In April of 2001, I had just taken my Spiritual Response Therapy Classes with Robert Detzler and was on a super high. I was beginning to take control of my life. I’d learned how to clear negative energies, research past life patterns that were in my way of living a fulfilling life. Life was clearer! When I returned to work, I took my charts with me because I’d become addicted to asking questions, clearing energies and feeling good. I would go in my office, close my door and just work on myself. What about clearing for a new job? How about clearing for a wonderful relationship? What do I need to clear about my boss so I wouldn’t be so miserable?

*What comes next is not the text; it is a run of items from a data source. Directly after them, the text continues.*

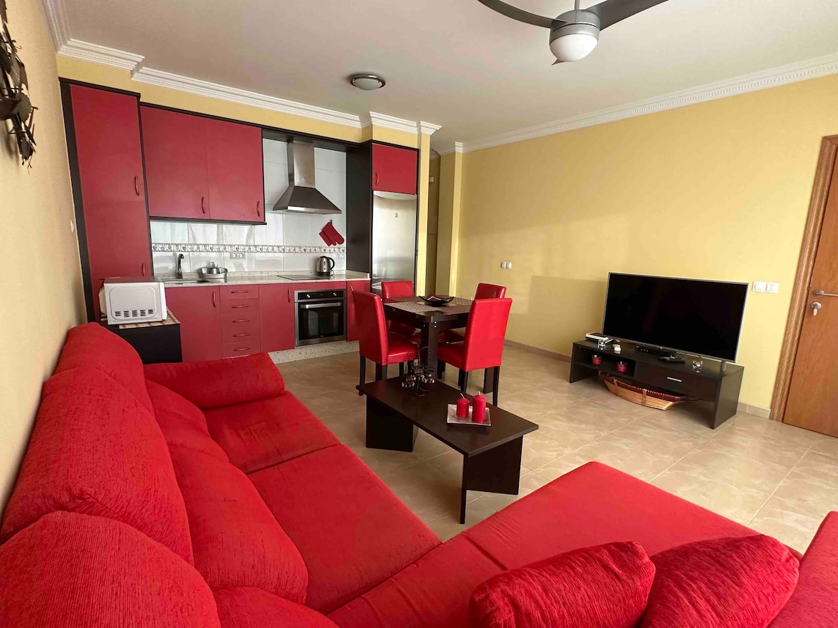 Very bright apartment with Wi-Fi, SmartTV (Netflix and Primer Video), in one of the best areas of Corralejo, in the center. All restaurants are within walking distance, Hiperdino is just around the corner, post office, banks, bazaar, printing shops to print documents, gas station, cafes, playground, soccer field, no need to take the car at all, there is even a small beach just 100 m away. Spacious, clean house, 1 sofa bed, large shower, 2 140 cm double beds in bunk beds with TV.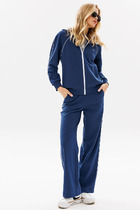 Современный комфортный костюм, состоит из брюк карго и укороченного свитшота. Отлично подойдёт для дома, прогулок, путешествий и отдыха. Пошит из теплой, комфортной ткани. Свитшот покроя оверсайз со спущенной линией плеча. Горловина, манжеты рукавов выполнены из ткани-компаньона кошкорсе. По центру переда вышивка-логотип в цвет ткани. Свитшот с кулисой по низу с резинкой внутри и фиксатором по центру переда, что позволит зафиксировать свитшот на талии. Брюки расширенные к низу, с возможностью заузить и зафиксировать ширину внизу (низ имеет кулиску с резинкой и фиксатором). На передних половинках брюк удобные накладные карманы, складки в районе линии колен. Пояс из ткани компаньена кошкорсе со шнуром и резинкой внутри.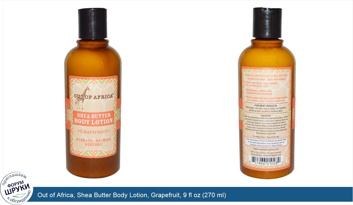 Друзья, если у вас есть отзыв/дополнение/комментарий/вопрос относительно Out of Africa, Shea Butter Body Lotion, Grapefruit, 9 fl oz (270 ml) - напишите его ответом в эту тему (это будет полезно всему сообществу в целом и вам в отдельности).

I hated my university job. I was not given any real leeway to be creative and innovative and was told by my bosses to, literally, do nothing. I was in career development in charge of placing graduate students in corporate positions. This meant I had to go to companies and convince them to hire our students for internships and permanent positions. Because we had a high concentration of international students, this was a pretty challenging assignment. In order to convince companies to hire non US students, I had to create ways for companies to see the advantages of hiring our internationals.
I had very little to work with and was handicapped because I wasn’t allowed to be creative. I would go to meetings where, Charlie Brown’s teacher must have surely been present, “Wonk, Wa Wonk Wonk…” You’ve got to be kidding me! This is what I went to school for? To be brain drained and waiting to retire!?! There were days when I’d arrive at work and just stare at the doors trying to will myself to just walk through them and take the elevator to my floor. “Come on, Shirlyn, just go in…you can do it.”
There were a few days when I failed that ‘be a good employee’ test and would walk away before anyone I knew saw me to pursue much more inspiring pursuits, like starting a cable TV show to introduce people to alternative healing methods or going to the movies and taking myself out to lunch.
I had taken the SRT classes over a two weekend period in April of 2001 and as I mentioned before, was on fire. I’m changing my life. I’d gotten my Employment review in June of 2001 and it was good, not bad, not great but good. Fine, I thought, at least I’m not slipping that much in my work performance. Another year another inflation pay raise. But how much longer could I really keep going doing this. When was this endless cycle going to end?
I remember going to bed and a thought came out of no where… “It would be great if the university let me go. I could get a certain amount of money as severance, be eligible for unemployment and then I could start doing SRT consulting full-time.” At the time, there was no indication that this would happen. I was the average employee who did her job and just gotten a good review. However, something made me make this request out loud to the Universe. I went to bed a bit inspired.
Two weeks later, the Dean calls me into the office and tells me, “We are eliminating your position.” I sat stunned. Finally after what seemed eons, I was able to gasp, “What?” He immediately said, “But don’t worry. We are giving you $10,000 and you will be eligible for unemployment. In fact, you can stick around for several days to get things in order.” I had tears in my eyes. I didn’t know what to say or do. How was I going to pay for my mortgage? How was I going to live? I’d just resigned from teaching part-time at Roosevelt University because I didn’t want to teach there anymore. How was I going to pay my bills?
As I walked, stunned, back to my office, I heard a voice very clearly say, “This is what you asked for.” I stopped walking and literally just stopped thinking. I was stopped in time at a moment of realization. I had asked for this. Why, I even received the amount of money I asked for and now I really could pursue my dream of working for myself helping others. I immediately stopped crying, ran to my office and called all of my friends telling them the great news…I’m in business!